Cystic Fibrosis Research Development Program
The CFF RDP has been in existence at the University of Washington and the Seattle Children’s Research Institute (SCRI) since 1989. Our center’s three-decade history of promoting basic, clinical and translational CF research originated from the RDP, and the RDP remains its foundation. The scientific and human resources of the RDP have given rise to the Therapeutics Development Network (TDN) Coordinating Center (Goss/Hamblett PI’s), TDN pediatric and adult clinical sites (Ong and Ramos PI’s), and two CF NIH P30 grants including the current Translational Research Center to Expedite Novel Therapies in Cystic Fibrosis (Goss and Singh PIs). Our RDP has generated new knowledge about CF infections, lung and intestinal disease, and the basic biology of CF pathogens. The RDP has developed new therapeutics in use world wide, and has fostered collaboration within our institution, and internationally. The RDP has trained several generations of CF researchers and clinicians, including innovative physician-scientists committed to CF research over the duration of their careers, and leaders in CF research and care at other institutions. The RDP also developed internationally-valued resources such as isolate collections, mutant libraries, genomics resources, and research tools utilized by hundreds of investigators worldwide.

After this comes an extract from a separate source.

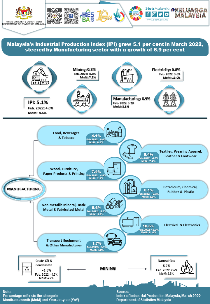Malaysia's Industrial Production Index (IPI) grew 5.1 per cent in March 2022, steered by Manufacturing sector with a growth of 6.9 per cent
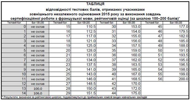 Таблица перевода тестовых баллов по французскому языку в 200-балльную шкалу 2015 года:

Cystic Fibrosis Research Translation Center
The University of Washington’s CF research program has a distinguished history of translational research, starting with CF pathogen biology and CF lung infections, with results including the development of CF therapeutics in use worldwide such as inhaled tobramycin; defining best practices for Pseudomonas aeruginosa (Pa) eradication; exacerbation treatment; and anti-inflammatory therapies. We also identified the first cases of nontuberculous mycobacteria (NTM) transmission in people with CF and performed important work on S. aureus small colony variants. We developed resources that are important for the national and international scientific community, such as the first whole-genome sequence of Pa, transposon mutant libraries, clinical isolate collections, new bacterial genomic methods, clinical outcome measures, and other tools. Simultaneously, we expanded our studies in NIDDK emphasis areas, refining our understanding of CF-related diabetes (CFRD) with novel studies of the CF pancreas, new biomarkers of kidney injury, making instrumental discoveries regarding the CF gastrointestinal (GI) microbiome with implications for growth in children with CF8, and leading key studies to move novel CF Transmembrane Conductance Regulator (CFTR) modulators into the clinic and to study their myriad non-pulmonary effects. Our center has also trained generations of CF researchers and clinicians and created the Therapeutics Development Network (TDN), the Clinical Research Scholars Program (CRSP), and the Cystic Fibrosis Statistical Expertise and Network (STATnet).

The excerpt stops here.